━━ Input data ━━
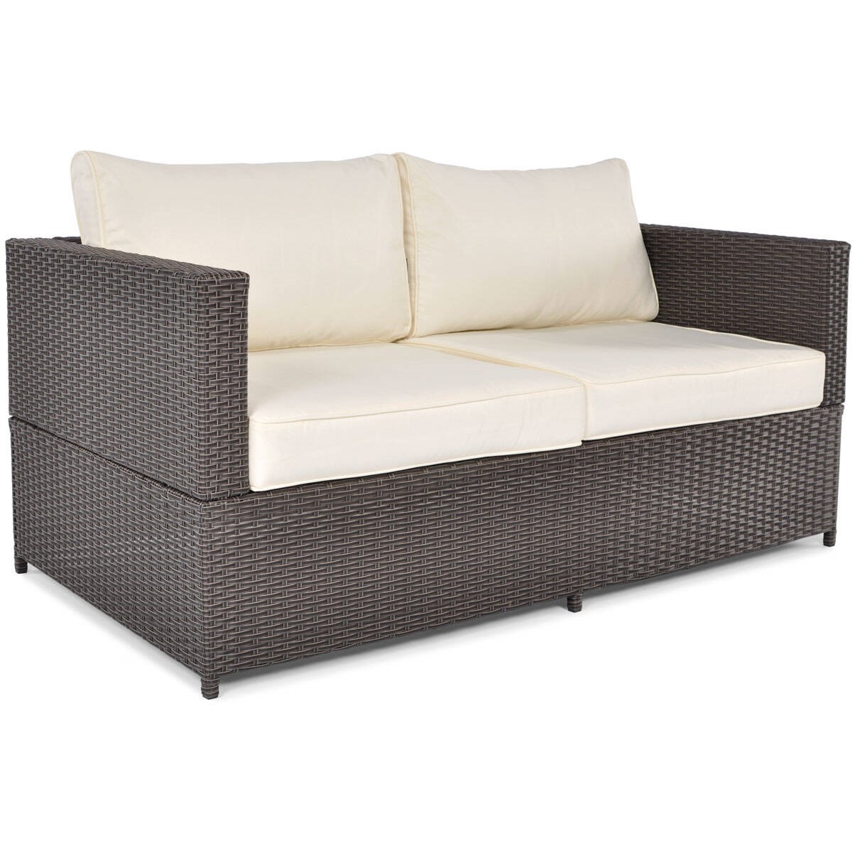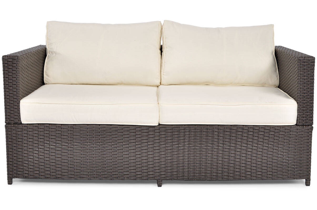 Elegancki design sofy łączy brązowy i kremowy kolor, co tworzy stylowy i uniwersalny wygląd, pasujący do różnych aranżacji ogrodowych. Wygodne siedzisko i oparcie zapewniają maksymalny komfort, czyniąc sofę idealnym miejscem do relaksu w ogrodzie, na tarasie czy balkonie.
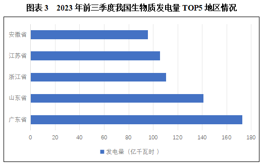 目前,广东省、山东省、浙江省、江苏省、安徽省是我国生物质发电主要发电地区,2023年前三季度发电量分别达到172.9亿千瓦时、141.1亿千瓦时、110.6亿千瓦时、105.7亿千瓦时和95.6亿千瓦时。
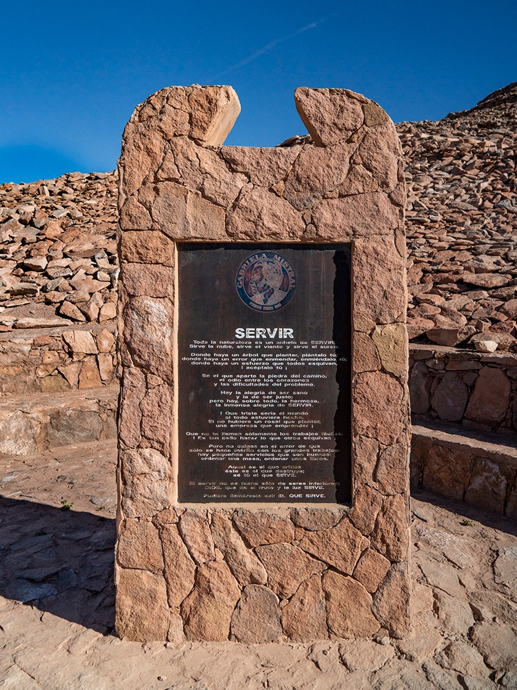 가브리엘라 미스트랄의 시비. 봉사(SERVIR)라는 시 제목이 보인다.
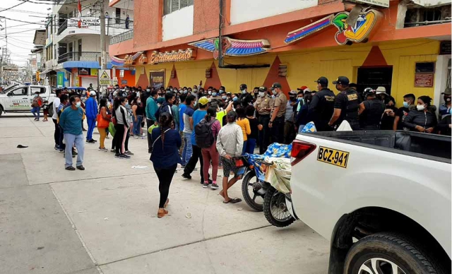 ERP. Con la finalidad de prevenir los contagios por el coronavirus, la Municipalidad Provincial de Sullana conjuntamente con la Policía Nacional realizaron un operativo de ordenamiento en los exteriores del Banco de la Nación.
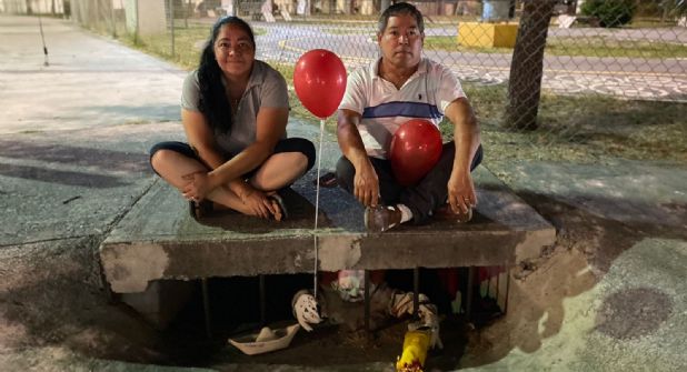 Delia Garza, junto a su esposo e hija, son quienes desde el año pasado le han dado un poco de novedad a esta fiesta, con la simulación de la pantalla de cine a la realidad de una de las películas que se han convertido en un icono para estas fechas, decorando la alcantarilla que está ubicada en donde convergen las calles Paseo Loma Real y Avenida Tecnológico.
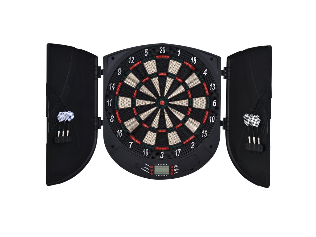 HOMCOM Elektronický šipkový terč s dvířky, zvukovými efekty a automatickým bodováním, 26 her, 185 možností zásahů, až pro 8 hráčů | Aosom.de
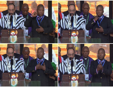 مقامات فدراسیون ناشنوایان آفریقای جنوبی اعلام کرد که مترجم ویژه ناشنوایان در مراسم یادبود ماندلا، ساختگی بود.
━━━
━━ Input data ━━
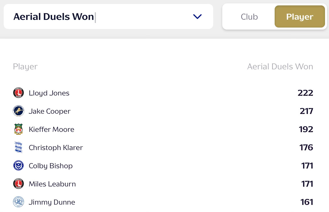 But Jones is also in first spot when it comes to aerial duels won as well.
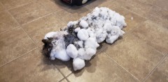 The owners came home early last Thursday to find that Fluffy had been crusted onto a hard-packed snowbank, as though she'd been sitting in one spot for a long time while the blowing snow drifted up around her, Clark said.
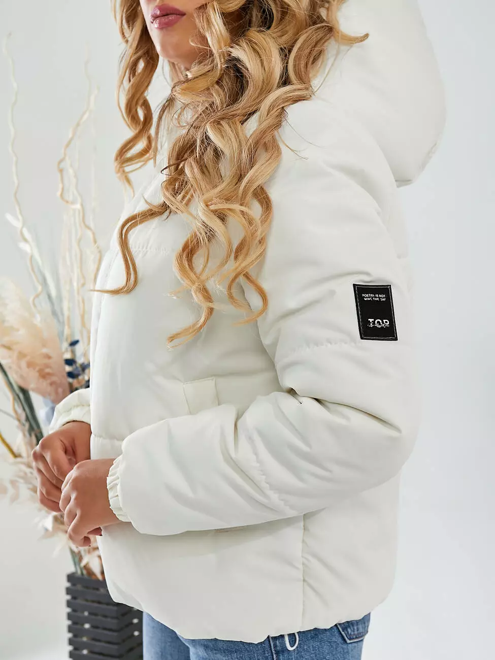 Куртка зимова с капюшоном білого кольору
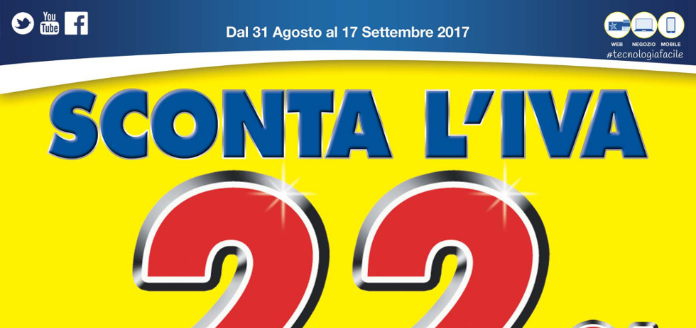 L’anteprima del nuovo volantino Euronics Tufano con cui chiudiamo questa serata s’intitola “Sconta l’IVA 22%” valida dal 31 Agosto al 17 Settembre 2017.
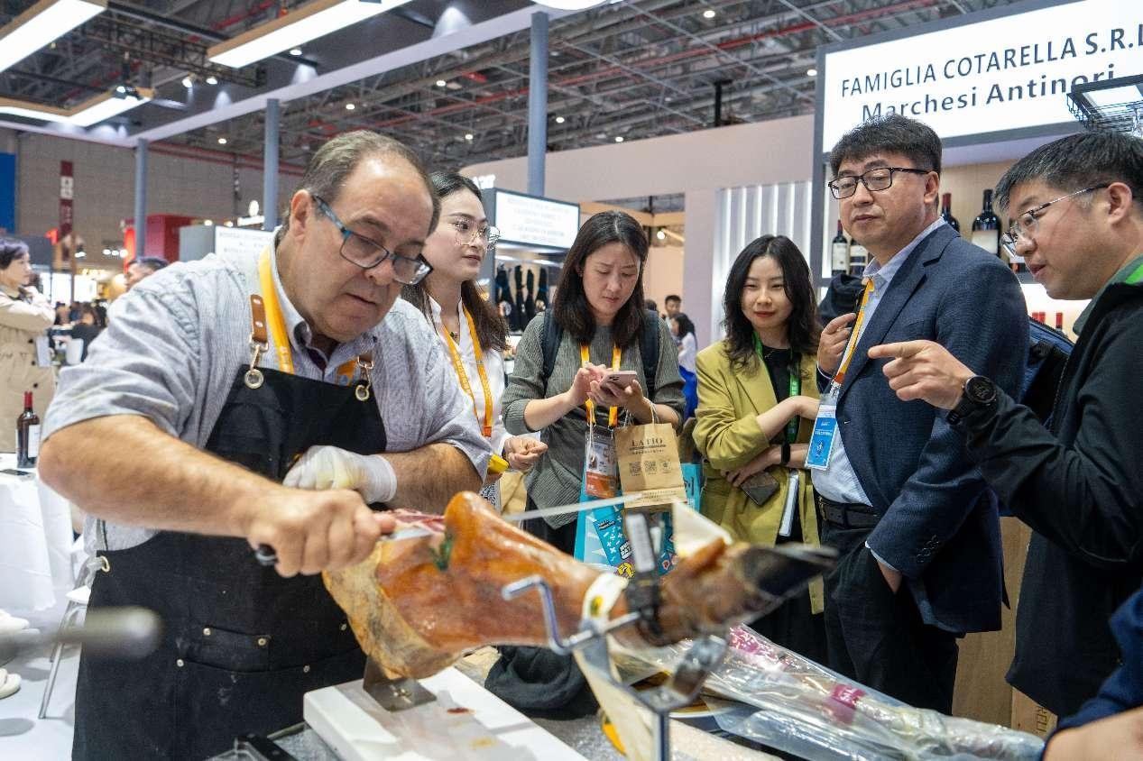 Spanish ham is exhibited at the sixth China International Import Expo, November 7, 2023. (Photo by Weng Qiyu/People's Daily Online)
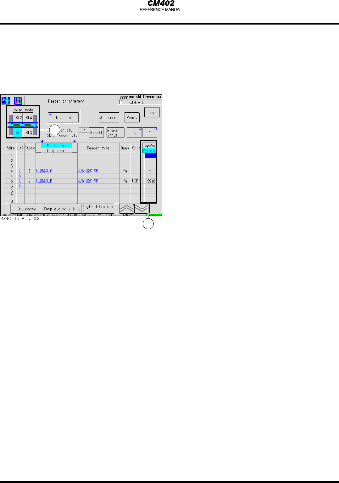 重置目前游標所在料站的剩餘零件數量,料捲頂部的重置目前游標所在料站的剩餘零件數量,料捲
━━━
▸ Work task: Look above and copy only the lines from the one holding "HOMCOM Elektronický šipkový" to the one holding "مقامات فدراسیون ناشنوایان", both included, exactly, minus the pictures.

▸ Your solution:
 HOMCOM Elektronický šipkový terč s dvířky, zvukovými efekty a automatickým bodováním, 26 her, 185 možností zásahů, až pro 8 hráčů | Aosom.de
 مقامات فدراسیون ناشنوایان آفریقای جنوبی اعلام کرد که مترجم ویژه ناشنوایان در مراسم یادبود ماندلا، ساختگی بود.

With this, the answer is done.